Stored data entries

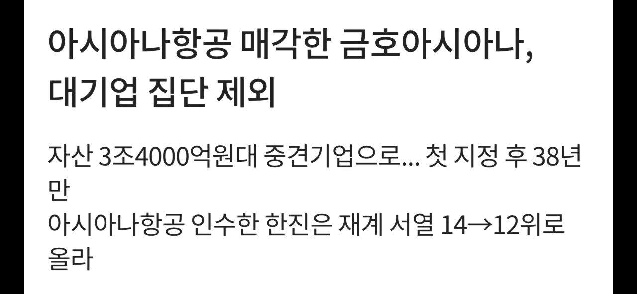 아시아나항공 매각한 금호아시아나, 대기업 집단 제외
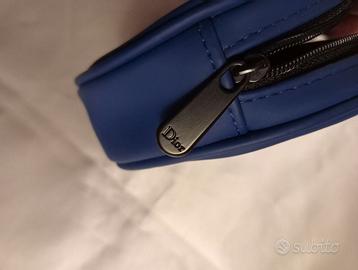 Aggiungi un tocco di lusso firmato Dior al tuo quotidiano o ai tuoi viaggi! Questa elegante pochette/beauty case presenta un design minimalista e chic nel raffinato colore Blu Navy, con il logo "Dior" impresso in rilievo al centro, segno inconfondibile di prestigio.
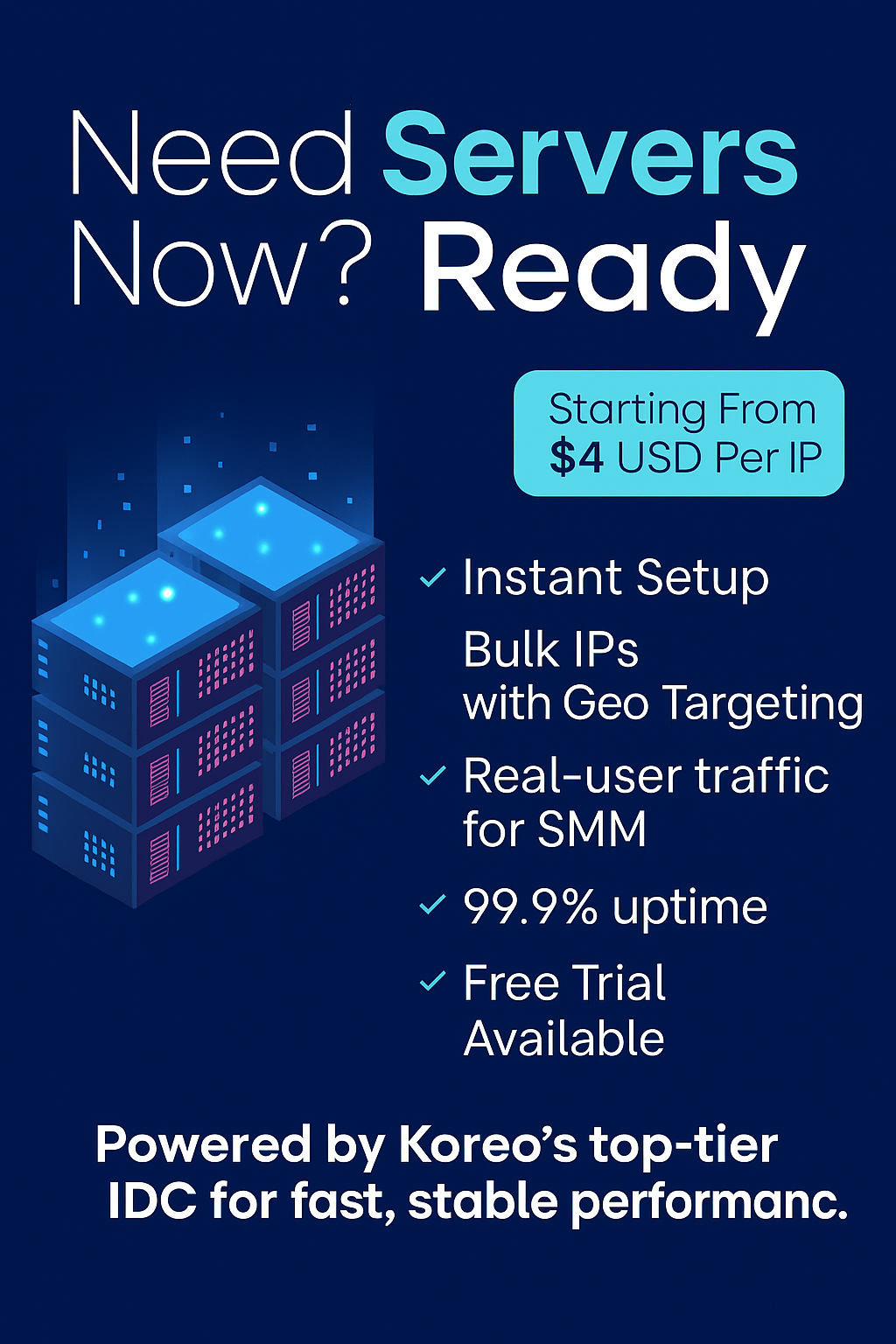 💡 Starting at only $4 USD per IP, you can get access to stable servers powered by Korea’s top-tier IDC, trusted by global businesses for fast and secure performance.
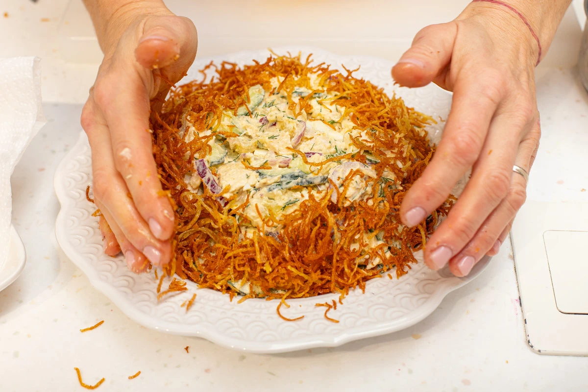 Украсьте картофельной стружкой и перепелиными яйцами (одно-два для красоты можете разрезать). Также перед тем как положить перепелиные яйца, можете посыпать верхнюю часть салата рубленой зеленью.
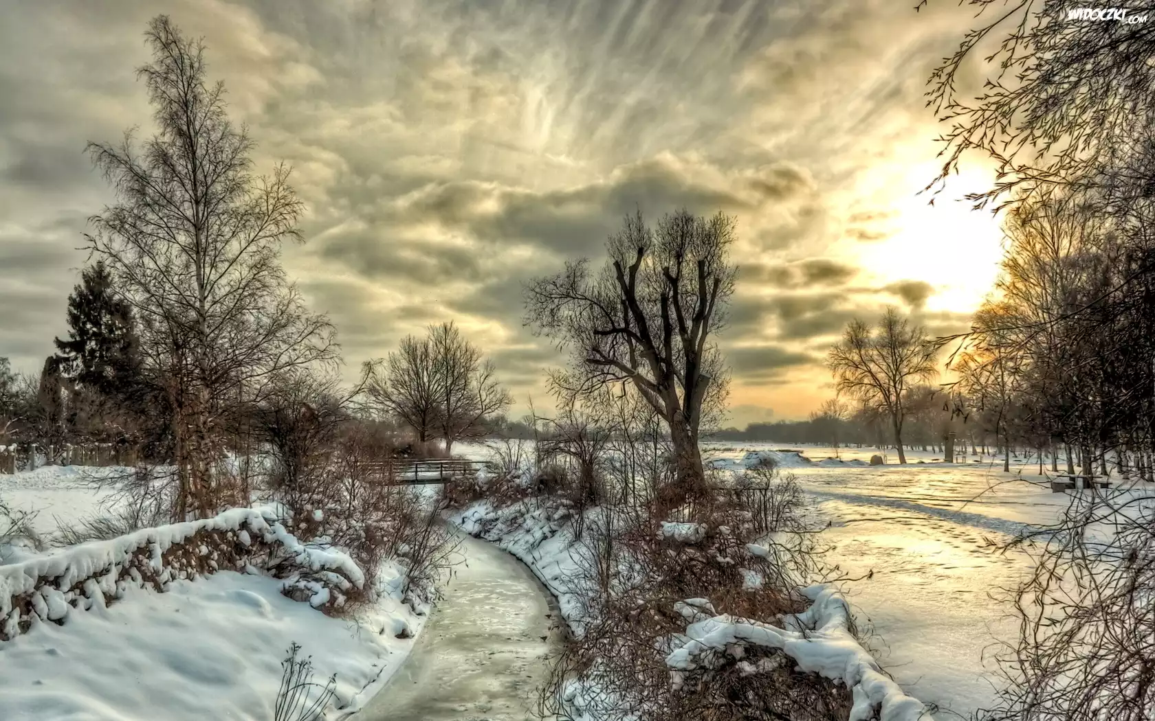 Zdjęcia, Zachód, Słońca, Drzewa, Rzeka, Zima
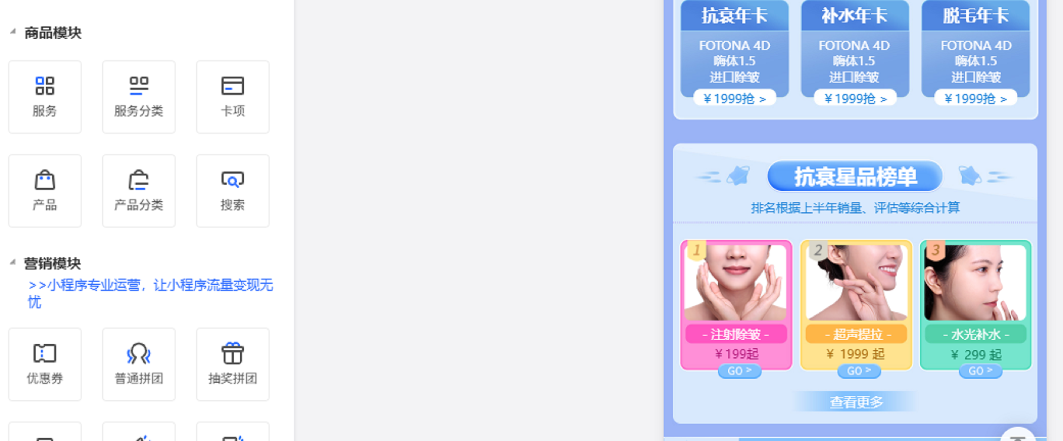 我今天来给各位老板推荐一个平台工具——盈建云。接下来为大家揭秘如何在这个平台上搭建出一个线上美容护肤店铺出来!
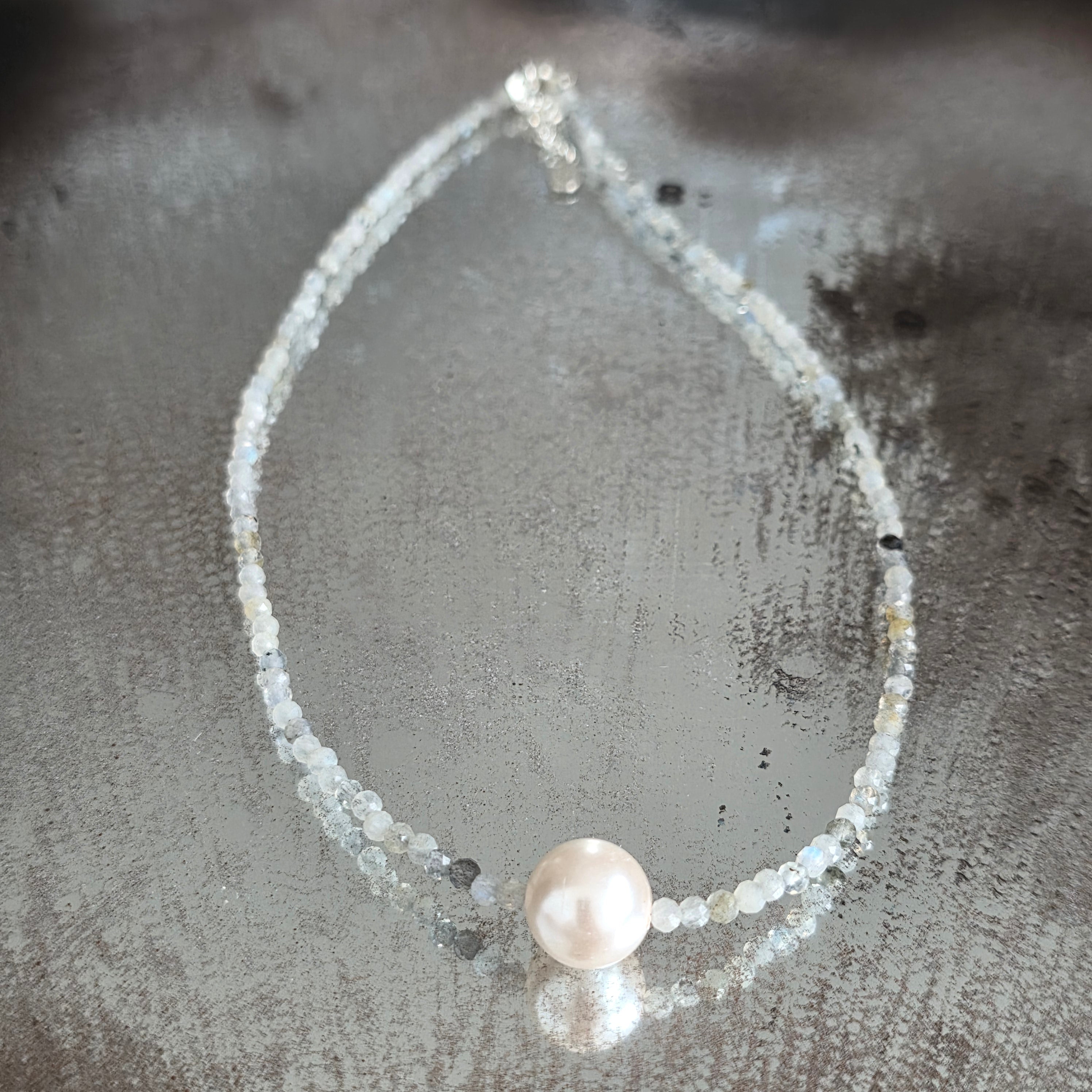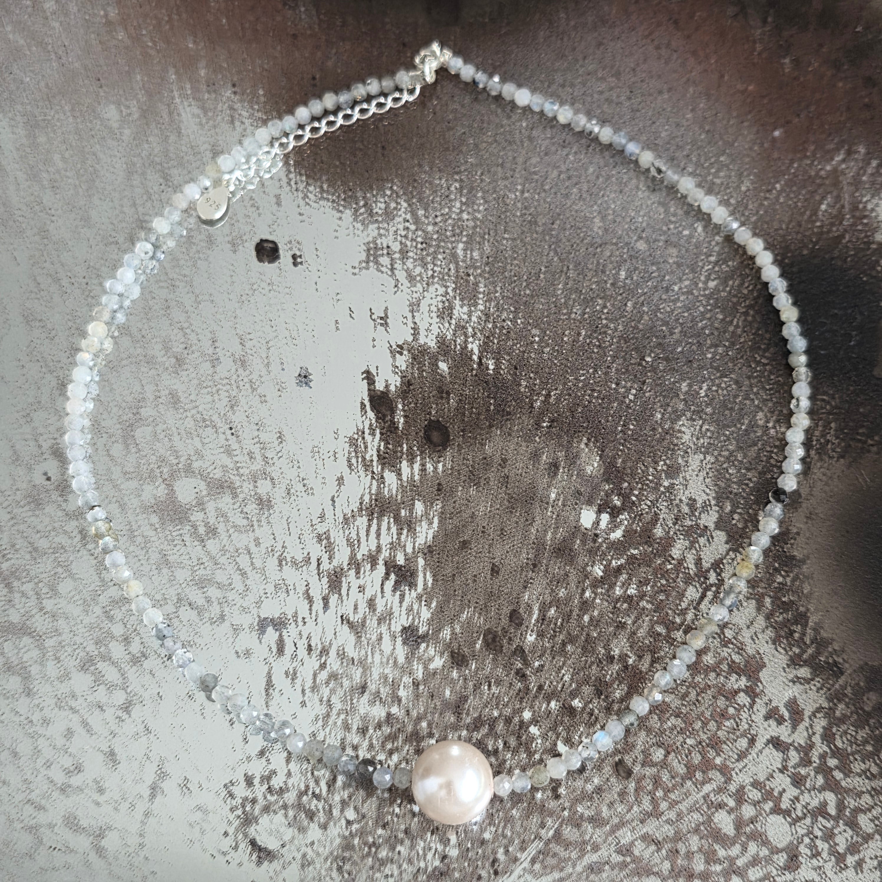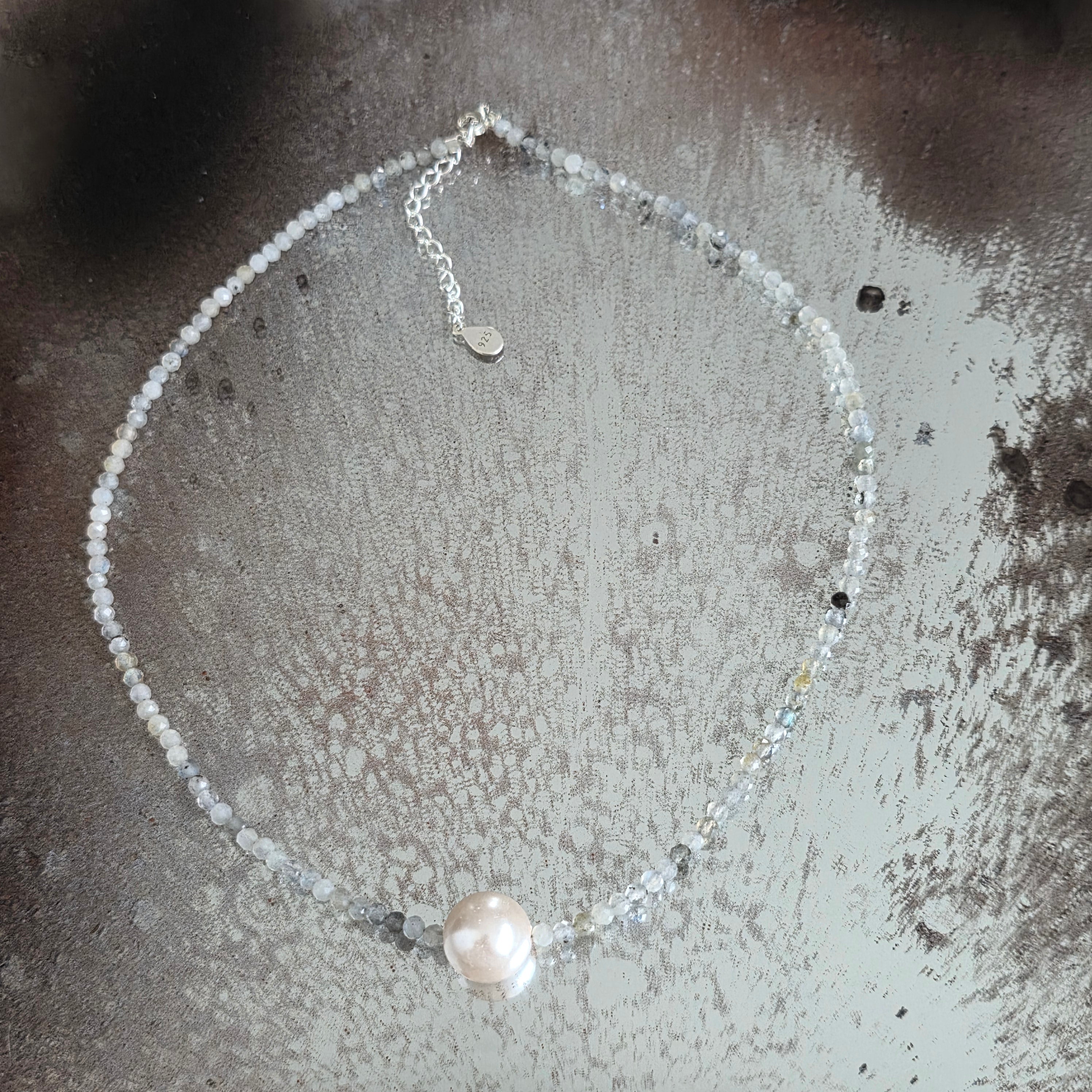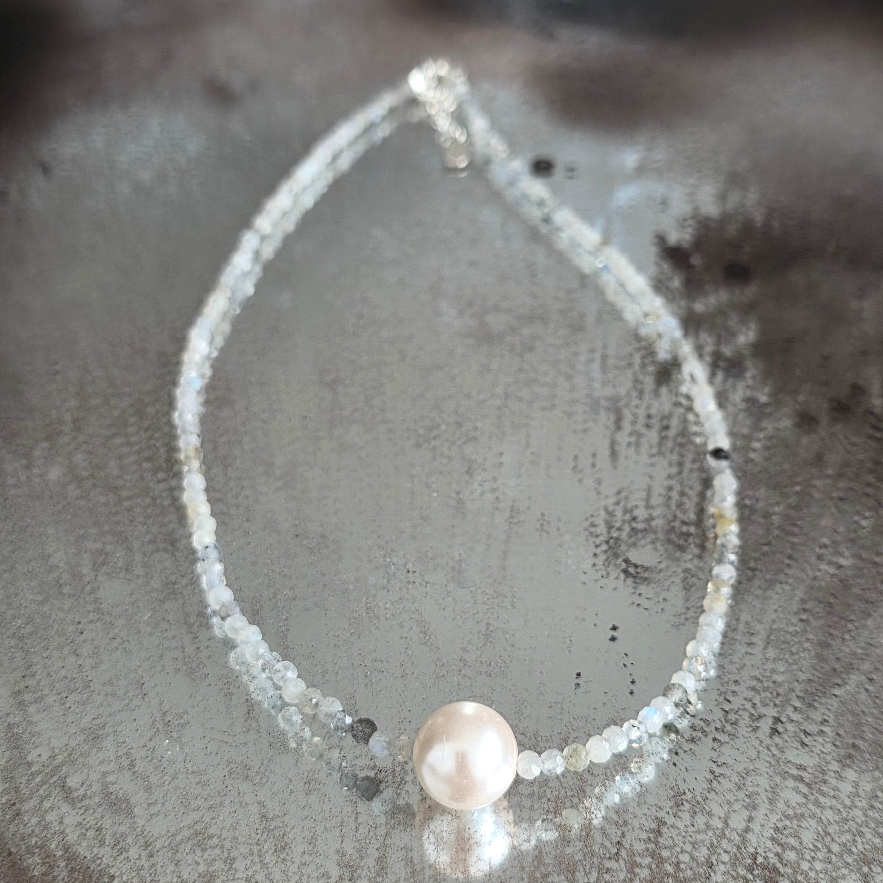 Η ενέργειά του φέρει τη δόνηση της διαίσθησης, της προστασίας και της εσωτερικής μεταμόρφωσης, αποτελώντας μια πέτρα της λεπτής μαγείας, που μας θυμίζει ότι η πραγματικότητα είναι πιο εκτεταμένη από αυτό που φαίνεται. Ο λαμπραντορίτης ξυπνά το θάρρος να ακολουθήσουμε το δικό μας μονοπάτι, ενώ το φυσικό μαργαριτάρι 1 εκ. προσθέτει μια νότα χάρης και αγνότητας — μια ισορροπία μεταξύ εσωτερικού φωτός και εξωτερικής κομψότητας.

What the exercise asks - The range to transcribe runs from the line holding "我今天来给各位老板推荐一个平" through the final line of the data above; copy it exactly and exclude the pictures.

Answer section -
 我今天来给各位老板推荐一个平台工具——盈建云。接下来为大家揭秘如何在这个平台上搭建出一个线上美容护肤店铺出来!
 Η ενέργειά του φέρει τη δόνηση της διαίσθησης, της προστασίας και της εσωτερικής μεταμόρφωσης, αποτελώντας μια πέτρα της λεπτής μαγείας, που μας θυμίζει ότι η πραγματικότητα είναι πιο εκτεταμένη από αυτό που φαίνεται. Ο λαμπραντορίτης ξυπνά το θάρρος να ακολουθήσουμε το δικό μας μονοπάτι, ενώ το φυσικό μαργαριτάρι 1 εκ. προσθέτει μια νότα χάρης και αγνότητας — μια ισορροπία μεταξύ εσωτερικού φωτός και εξωτερικής κομψότητας.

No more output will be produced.